Они словно люди: смеются, поют,
Но на Лимбе нет войн – там мирно живут.
Парил в небесах Леолас без конца
И вот, наконец, долетел до дворца.
Дух-лев улетел, в облаках растворился,
К Лайонелю прислужник Аида явился.
В белом весь одеяньи, а цепи златые,
Ему руки обвили, как будто живые,
С гордых шрамов на теле когда-то пролита,
Кровь живая и демоном Флиром испита.
Древний демон, восставший из праха богов,
С книги магии черной и темных слогов,
Был навек из страниц, словно стих, оживлен,
Разрушительной силой творцом наделен.
Сотни лет он по миру бродил, убивал,
До тех пор, пока воин Калиф не восстал.
Взял орудие-меч и в атаку помчался,
Флир убил всех вокруг только воин остался.
День за днем, с ночи в ночь беспощадно дрались,
Словно ужасы воина в жизни сбылись.
Он врага беспощадно орудьем разил,
Флир чтоб жизнь сохранить кровь Калифа испил.
Дух чудовища в тело Калифа вселился,
Флир исчез, словно дух в небесах испарился.
Только след по себе он оставил врагу:
Безвольного сделал с героя слугу.
Тот демон убитый рассеялся в прах,
А воин Калиф не стоял на ногах,
Упал на колени он, еле дыша,
И в Лимб провалилась героя душа.
Калиф одержимый вновь силы вернул,
К темной магии мира сего он прильнул.
И грешников души начал пожирать,
Прислужников божьих вокруг убивать.
Хотели убить его Боги Суда,
Запретила Камира: «Н ельзя! Никогда!
Пусть телом крушит все вокруг, убивает,
Но добрый внутри человек обитает».
И спор не решить, ведь кто прав – неизвестно,
Тут явился Коэлус верховный небесный,
И призвал кузнеца, имя Кирес ему,
Для души непокорной создал он тюрьму.
Заковал одержимого в цепи златые,
И вернули рассудок Калифу святые.
Стал служить при дворце у Аида царя,
За спасенье души своей благодаря.
Взор глубокий пронзил Лайонеля мгновенно,
Калиф поклонился святому смиренно.
Словно тьмою покрыта его голова,
С уст холодных слетели, как птицы, слова:
«Путь лежит ваш к Аиду, верховному богу,
По дворцу проведу, покажу вам дорогу,
Чтоб новый святой королю покорился»
«Спасибо за помощь» – старик поклонился.
И молча прошли в коридорах просторных,
На пути лишь встречая святых и придворных.

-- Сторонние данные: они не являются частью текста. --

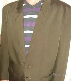 cedesi una Jacket stile elegante casual, retro moda abbigliamento men man 80s made in italy, colore verde militare, modello originale notting hill con spalline, usato del periodo. material tessuto Viscoso / Polyestere
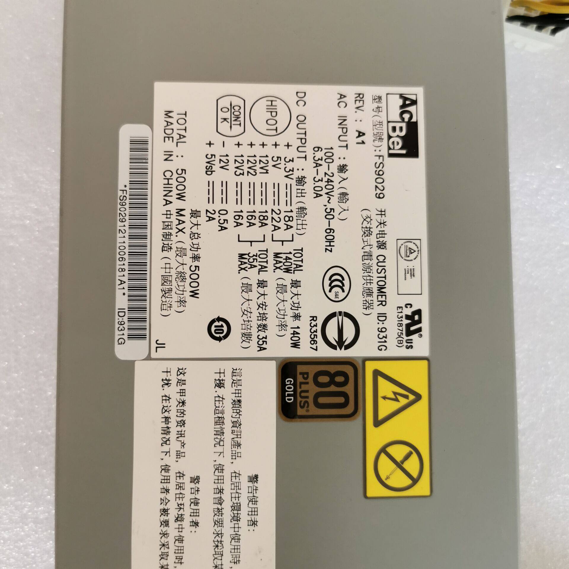 Acbel Kanshu 500W 1U server 80 gold high energy efficiency power supply FS9029 interface 24p 8
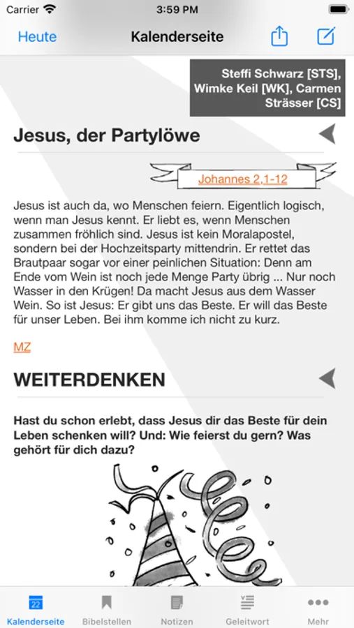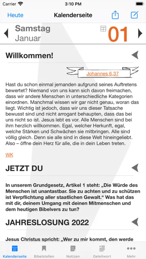 Bibellesen macht Spaß mit der Bibellese-App von „START in den Tag“. Du findest darin für jeden Tag des Jahres einen anregenden Bibelimpuls und verständliche Auslegungen. Durch die Hintergrundinfos kannst du neu in die Welt der Bibel eintauchen und die alten Texte besser verstehen. Und was dir gut gefällt, speicherst du in den Notizen oder teilst es mit Freundinnen und Freunden. Mit dieser App fängt dein Tag gut an!
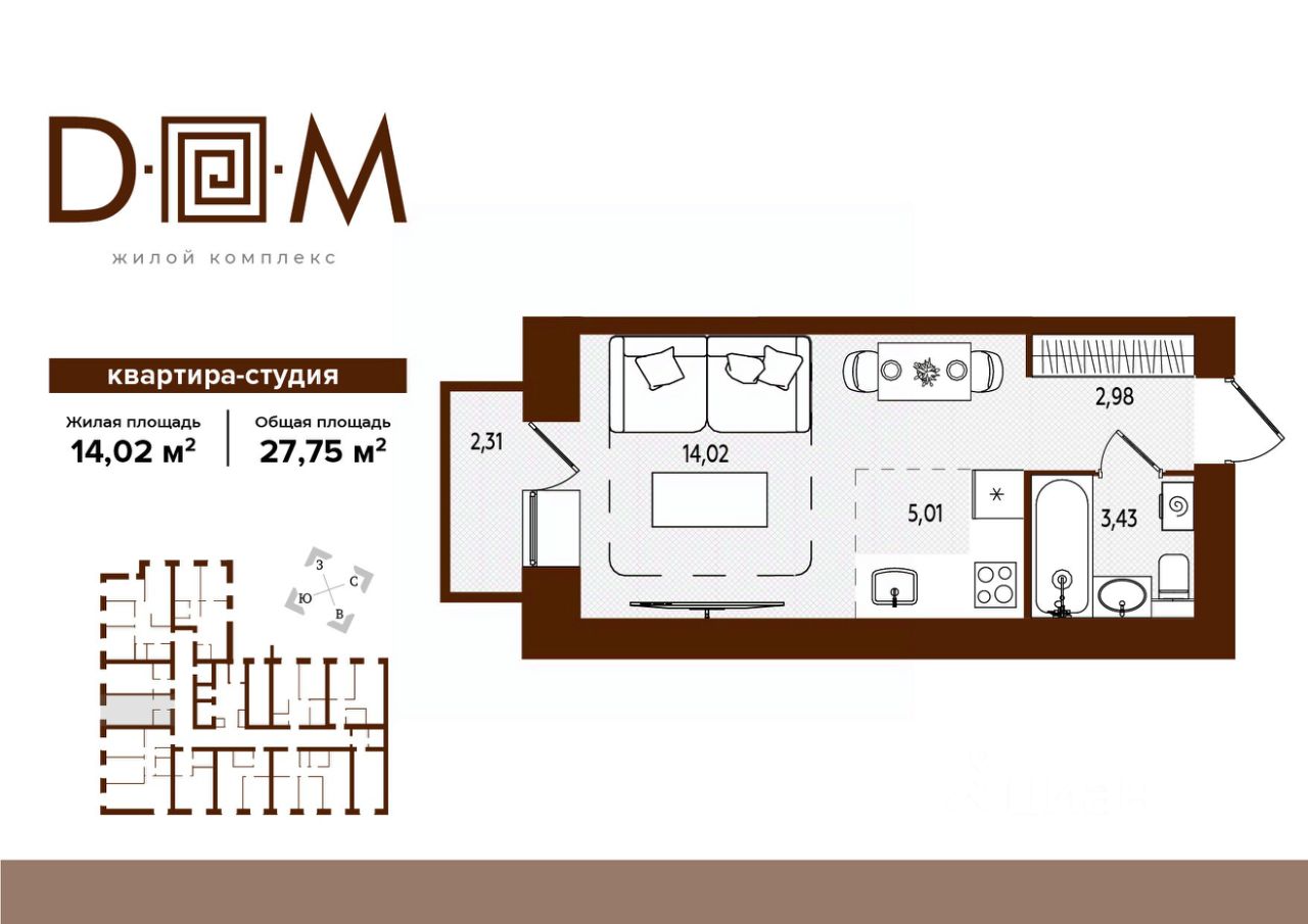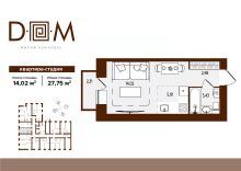 Продаётся студия в строящемся доме (поз.1), срок сдачи: IV-кв. 2027, общей площадью 27.75 кв.м., на 4 этаже. Новый жилой комплекс "Д.О.М." от застройщика "Надежда" расположен по адресу: г. Брянск, ул. Романа Брянского
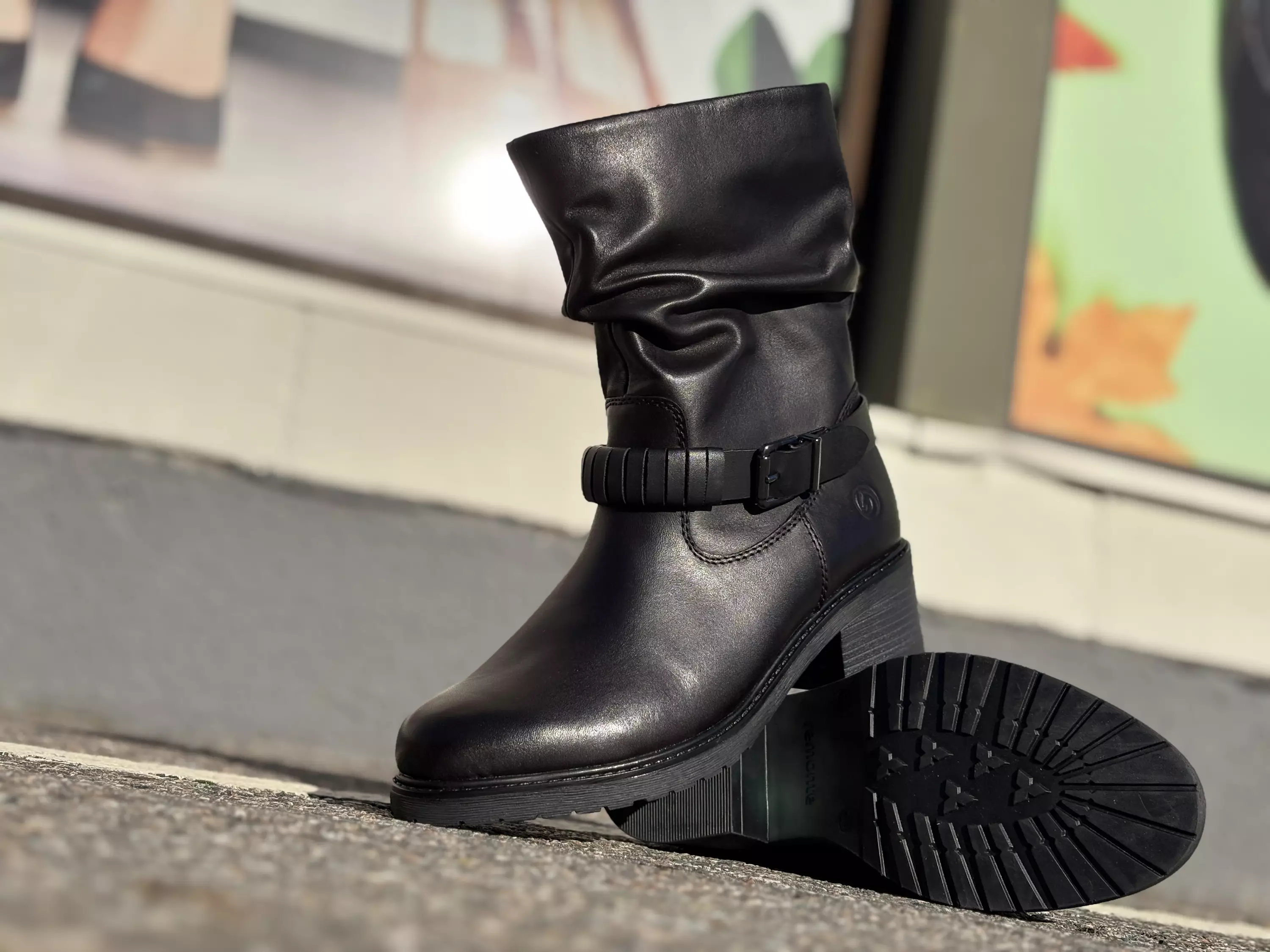 Mustat Remonte nilkkurit. Matalakorkoiset nahkanilkkurit. Tyylikäs rypytetty varsi. Nilkan ympärillä soljellinen koristeremmi. Varren yläsassa matalanukkainen tekoturkisvuori, kärjessä lämmin lammasturkisvuori. Sisäsyrjällä pukemista helpottava ja vauhdittava vetoketju. Lestimitoitus kapeahko F½. Kannan korkeus noin 5cm ja pohjan korkeus päkiän alta noin 1,5cm.
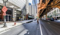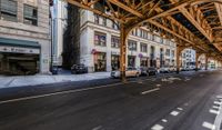 An urban underpass in Chicago, Illinois, USA, casts a hard shadow down a straight asphalt road during the day.
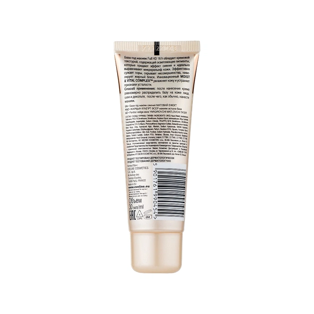 Основа під макіяж Full HD 16 h має кремову текстуру, що містить освітлювальні пігменти, які надають ефект сяйва й ідеально вирівнюють мікрорельєф шкіри. Ефективно звужує пори, приховує недосконалості, нівелює жирний блиск.
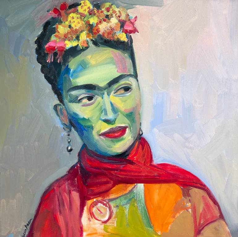 READY to hang. Textured finish and bright, warm and strong contrasting colors. I often turn to Frida for inspiration when I feel like skipping work or have a hard time concentrating. In the hundreds of online photos of her, I can always find one that stands out that is good for any mood
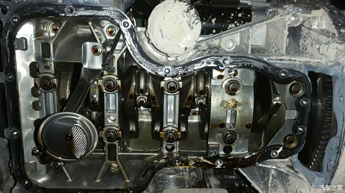 1.8L大心脏,在非摩擦面上,缸体同样打磨的光滑细腻,每一颗螺丝都打磨的非常仔细,没有一点金属碎屑。在底壳接触面,做的非常的好,师傅费了好大力才拆下来。

В лабиринтах дворца еле двери нашли,
Наконец-то к покоям Аида пришли.
Постучался несмело, вошел Лайонель,
Ко владыке, что бог и король королей.
На троне сидел и в хандру погрузился,
Но увидел он гостя и вмиг оживился.
Лайонель в окружении белых колон
Поздоровался вежливо, сделал поклон.
Ответил Аид и на ноги поднялся,
Подошел к человеку, со смертным сровнялся.

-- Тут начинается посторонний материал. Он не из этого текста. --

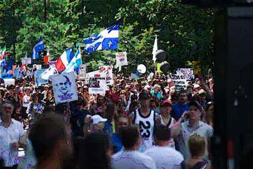 « Ça ‘bypass’ les mesures environnementales, les contrats sans appel d’offres, la commission Charbonneau a coûté 44 millions, on ne veut pas de corruption, [la loi 61] favoriserait ça. Ça donnerait des pouvoirs illimités, pendant une durée indéterminée », a lancé l’initiatrice d’une pétition contre ladite loi.
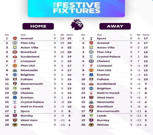 榜单中最引人注目的反差来自托特纳姆热刺。他们在主场表现挣扎,9场比赛仅取得8分,排名倒数第四;然而在客场,热刺却脱胎换骨,以17分高居客场积分榜首位。
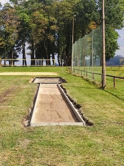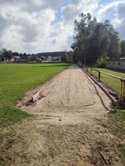 Weiterführung der Arbeiten an der Sprunggrube und der Laufbahn auf dem Sportplatz Lehesten
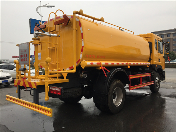 以上情況僅適合于正常使用雙向前沖噴頭的環衛灑水車,如果只是用于壓塵降溫而使用后灑和側噴,其流量則相應減少,噴灑距離會更長。有些用戶希望灑水車流量越大越好,這是比較片面的想法。灑水車流量大,則灑水距離變短,加水次數增多,經濟性欠佳;從路面沖洗來說,水流過大,容易造成低洼處積水,灰塵較多的地方容易形成泥濘帶,干燥后出現塵土飛揚的現象。
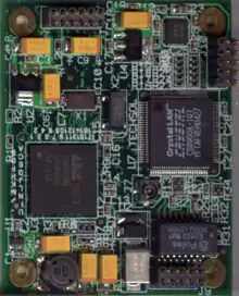 The Computer Subsystem (CSS) provided the processing power and storage capacity for the system. The CSS is based around an ARM core processor. Prior to the project's cancellation (when project funds were moved to Hurricane Katrina relief) the computer used was Techsol's Ethernet Audio Interface board,[8] powered by an s3c2410a processor from Samsung Semiconductor, featuring an ARM-920T core running at up to 200 MHz. The board included a low-power Ethernet interface using the cs8900a from Cirrus Logic, an audio interface using the internal IIS audio interface of the Samsung chip connected to an AKM integrated Audio Codec and Amplifier, a GPS receiver from Motorola, and using GPIOs for the push-buttons used for Volume UP/DOWN, and also Channel UP/DOWN. With a wide-voltage-range input power-supply, the entire wearable computer board was 2/3 the size of a business card (see photo).
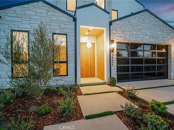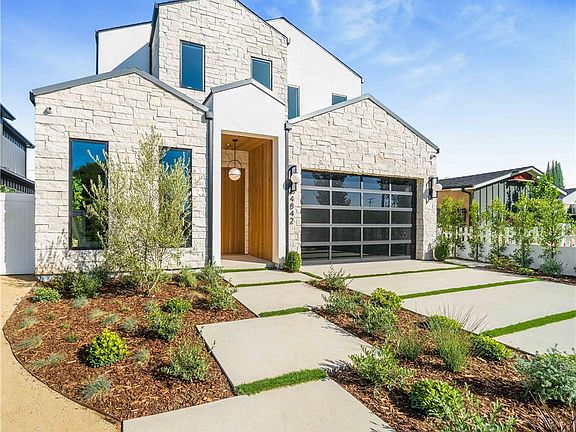 Custom, new transitional home with modern touches on a gated lot in prime Valley Village. Featuring 5 BR – 6.5 BA and dining room in home and detached rec room in approx. 3,400 sqft, with an open floorplan and extensive woodwork throughout. Bright family room features fireplace with stone accent wall and sliding glass doors to patio. Gourmet kitchen features custom white oak cabinetry, stainless steel appliances, Taj Mahal quartzite counters, and center island with bar seating. Spacious backyard features large turf area, detached rec room with ¾ bath, pool/spa, and BBQ area with bar seating. Primary suite features electric fireplace, white oak built-ins, closet with accent lighting, spacious primary bath with custom Taj Mahal tilework, and balcony. Home is completed by entertainer/designer details such as custom cedar wood ceiling design, patio/garden area, designer landscaping, surround sound speakers, security system with alarm/cameras, and Control 4 smart system.

Встретил взглядом умершего, жизнь прочитал,
С предпокоев Калифа в палату призвал:
«Я взываю к Тебе, мой прислужник покорный!»
В этот миг средь палаты явился придворный.

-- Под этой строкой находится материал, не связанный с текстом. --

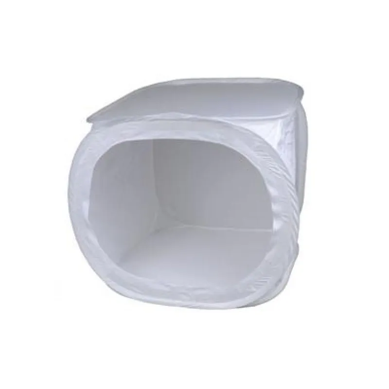 The Falcon Eyes light tents are especially designed for product photography of for instance products such as glass, synthetics, jewellery, watches, ceramics and electronics. The light tent is foldable and with the supplied case easy to take along on location. The diffuse material is very suitable for minimising disturbing reflections and spreads the light equally. The material of the light tent provides a neutral colour temperature. The front of the tent can be closed with the supplied cloth which can be fixed with Velcro. In the cloth is an opening for the lens of your camera. For an ideal lighting the box can be used in combination with normal daylight, continuous lamps or studio flash units.
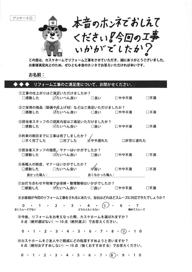 快適にそして安心して生活できる場を作っていただきありがとうございました
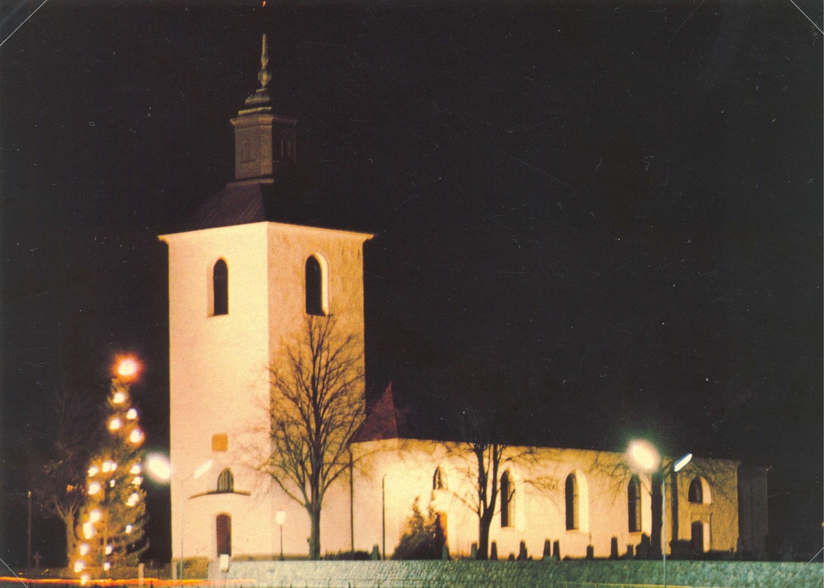 Söderåkra kyrka, även kallad Sofia Magdalena kyrka, med fasadbelysning juletid.
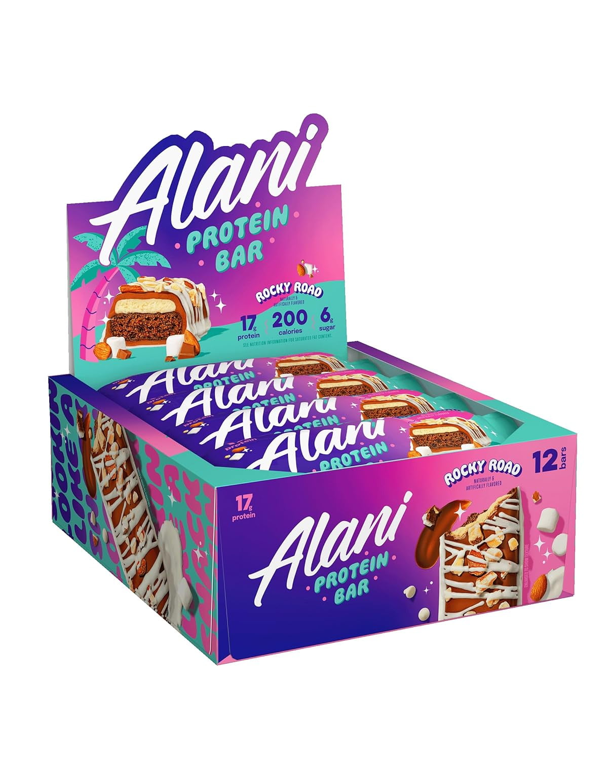 Alani Nu Protein Bars ROCKY ROAD | High Protein Gluten-Free Bars | 16g Protein | Low-Sugar (7G) Low-Carb Healthy Snacks | 12 Individually Wrapped Bars

Пред святым мудрецом и Аидом предстал,
Лайонеля в покои святые забрал.
Оказался средь злата и пышных палат,
Где на креслах удобных святые сидят.
Все из них тут явились своею дорогой,
Не нуждаясь ни в чем после жизни убогой.
Наслаждаются временем мук окончаний,
Без работ и забот, вообще без заданий.
Лайонель сел средь них, и в роскошах тонул,
Словно время забыл и надолго уснул.
Те, кто были при жизни святыми, прогнили,
О деле благом навсегда позабыли.
Много лет пролетело пером в небесах,
Искра правды и чести исчезла в глазах.